As Frank Martin Rittman grew weaker, police officers repeatedly approached his bed at Rhode Island Hospital in an attempt to gain further information regarding who had shot him. But Rittman had given …
As Frank Martin Rittman grew weaker, police officers repeatedly approached his bed at Rhode Island Hospital in an attempt to gain further information regarding who had shot him. But Rittman had given all the information he was willing to give and, in the end, he would allow someone to get away with murder.
Rittman was a 37-year-old plumber who resided at 709 Cranston Street with his wife of eight years, Emily (Downing), and their two children. He had once been employed as an engineer at the Sassafras Point pumping station, and had also worked as a constable in the Town of Johnston. Many of those who knew the Rittman behind the badge accused him of often misusing his power of authority and having a habit of enforcing the law with greater force than necessary.
Others who knew him, including members of his own family, were aware that he enjoyed a troubling hobby; secretly peeping on people who were unaware of his presence.
Rittman was not without a criminal history. As a youngster, he had been sentenced to the reform school after attempting to feloniously assault a young girl. He was later found guilty of breaking and entering when he and several other young men forced their way into a tenement where an elderly man lay sleeping. Hoping to intimidate the man, Rittman pressed a cold key to his head so that the man would awake believing a gun was being held to him.

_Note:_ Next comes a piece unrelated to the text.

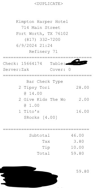 Read moreTori and Zach are the ABSOLUTE BEST!!! Every time we come into the Kimpton with a big group of parents, they are always ON TOP OF EVERYTHING!! There is absolutely nothing that they would not do for their customers. Going above and beyond to offer drinks, food, etc, whatever it may be, they accommodate. In my 7 years of living in Fort Worth there has been no other bar tenders as great as these two! Those who hate must be jealous of their hospitality! Seriously could go on and on about these two! Come to the bar!! Relax...

At about 9:00 on the evening of June 12, 1897, Rittman left his house wearing “sneakers”, described by police as being regular leather shoes fitted with rubber soles so that no one could hear his footsteps. He would later tell police that he set out to visit a friend with the surname White, who lived near the Concord Schoolhouse in Johnston. He went on to say that he eventually walked his niece to her home on Waldo Street and was crossing the schoolhouse lot to return to his own home, at about 9:30, when he noticed two men who were also passing through the lot. He alleged that, without conversation or provocation, one of the men shot him. He recalled how he saw the light from the shot then felt pain in his abdomen.
At about 10:00, Seth Capwell and a man with the surname Rylander came upon Rittman laying on the ground in front of the schoolhouse steps in a semi-conscious state. The two men put Rittman into their wagon and took him to Fenner’s Drug Store. Within a few minutes, Rittman had recovered his faculties enough to walk across the street to his home. A short time later, the police ambulance was summoned and he was transported to Rhode Island Hospital.
Doctors probed for the bullet in his abdomen but finally had to give up on the task as there was too much risk of internal hemorrhaging and causing additional damage. The bullet had entered his body just below the left side of his naval and was believed to be lodged near the spinal vertebrae. They had little hope that Rittman would survive the injury.
Police, in the meantime, probed for answers and were not satisfied with the story Rittman gave them. An investigation was begun and a witness located. An unnamed man who claimed to have been standing within 50 feet of the shooting told police that a man and woman had been sitting on the schoolhouse steps and that Rittman stood before them as he and the man argued with each other. The witness said that the man then told the woman, “Now you get out of here, Cora” and the woman departed. Words continued to be exchanged by the two men and then five pistol shots rang out.
Based on Rittman’s reputation, police theorized that he was spying on the couple and the man caught him and became angry. They believed that Rittman fired the initial shot at the other man in the heat of a quarrel. This theory gained support when Rittman admitted to police that he’d had a pistol with him and had fired four shots during the altercation. He told them that he had hidden the firearm inside the pocket of an old coat while he was waiting for the ambulance to arrive at his house. Police also learned from an unnamed source that, while at Fenner’s Drug Store, he had placed a pair of night goggles in another’s custody.
It was evident that Rittman’s story had been false. He had been fired at from close-range by an assailant who was seated on the steps, not at a distance by someone walking or standing. He had not been walking through the lot when he was struck, but was standing at the foot of the schoolhouse steps. However, despite the urging of police to provide them with the truth, Rittman declined to change or add to his story. At 9:30 on the evening of June 14, he died at Rhode Island Hospital due to a perforation of the intestines with blood poisoning resulting. Whatever Rittman had been doing that summer evening, he chose to die without sharing the details.
Kelly Sullivan is a Rhode Island columnist, lecturer and author.